Rocksteady Studios has delayed Suicide Squad: Kill the Justice League, its follow-up to the Batman: Arkham franchise, to Feb. 2, 2024, the developer announced on Twitter. “We have made the tough but necessary decision to take the time needed to work on getting the game to be the best quality experience for players,” it wrote.
In March, Bloomberg reported that Suicide Squad: Kill the Justice League would be delayed, but still be released in 2023. Rocksteady Studios expected the game’s launch on May 26 after an earlier delay that pushed Kill the Justice League from its planned 2022 window. Bloomberg’s report came after Rocksteady previewed Kill the Justice League during a State of Play presentation in February — one that didn’t exactly impress.

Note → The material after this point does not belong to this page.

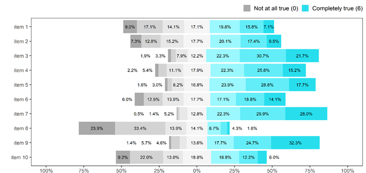 An item analysis was conducted to examine descriptive statistics and assumptions for further procedures. As items are ordinal-level variables (Stevens, 1946), their treatment as interval-level variables requires at least five response categories and approximately normal distributions (Bandalos & Finney, 2018; Lloret-Segura et al., 2014; Watkins, 2018). Thereby, values of skewness (γ̂1) and kurtosis (γ̂2) greater than 2 were delimited to determine several deviations for normality (Muthén & Kaplan, 1985). A divergent stacked bar plot (Heiberger & Robbins, 2014) was employed to compare item response distributions, as well as examine relative frequencies on each category as indicator of floor/ceiling effects, and response styles (Van Vaerenbergh & Thomas, 2013) such as Aquiescence/Disaquiescence Response Style (ARS/DARS), Extreme Response Style (ERS), Mid Response Style (MRS).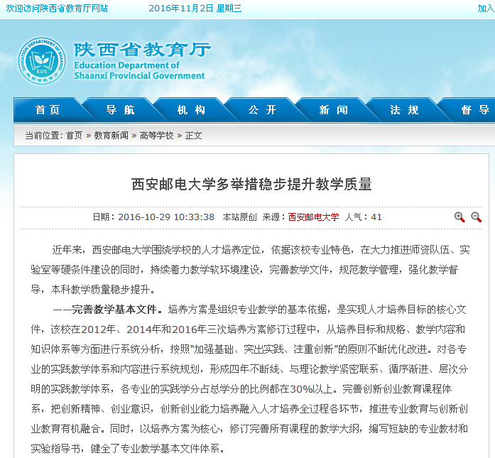 近年来,西安邮电大学围绕学校的人才培养定位,依据该校专业特色,在大力推进师资队伍、实验室等硬条件建设的同时,持续着力教学软环境建设,完善教学文件,规范教学管理,强化教学督导,本科教学质量稳步提升。

The February event made Kill the Justice League look like a Destiny 2 or Anthem impression: co-op missions with an emphasis on loot and gear scores to upgrade your chosen killer (Harley Quinn, King Shark, Captain Boomerang, or Deadshot). Eager players bristled at the live-service game mechanics and the cosmetics-only battle pass — a clear deviation from the previous Arkham games. Following the event, Rocksteady quietly revealed in an FAQ on the game’s website that Kill the Justice League would be released with an unpopular requirement: It needs an internet connection even in single-player modes, and local co-op isn’t supported. Kill the Justice League is expected to have cross-platform co-op, which may explain the always-on requirement.
Suicide Squad: Kill the Justice League is Rocksteady’s latest Arkham game since 2015’s Batman: Arkham Knight. When it’s released on Feb. 2, 2024, it’ll come to PlayStation 5, Windows PC, and Xbox Series X. It puts Harley Quinn, Deadshot, Captain Boomerang, and King Shark into the hands of its players, taking on the mind-controlled members of the Justice League, to save Metropolis.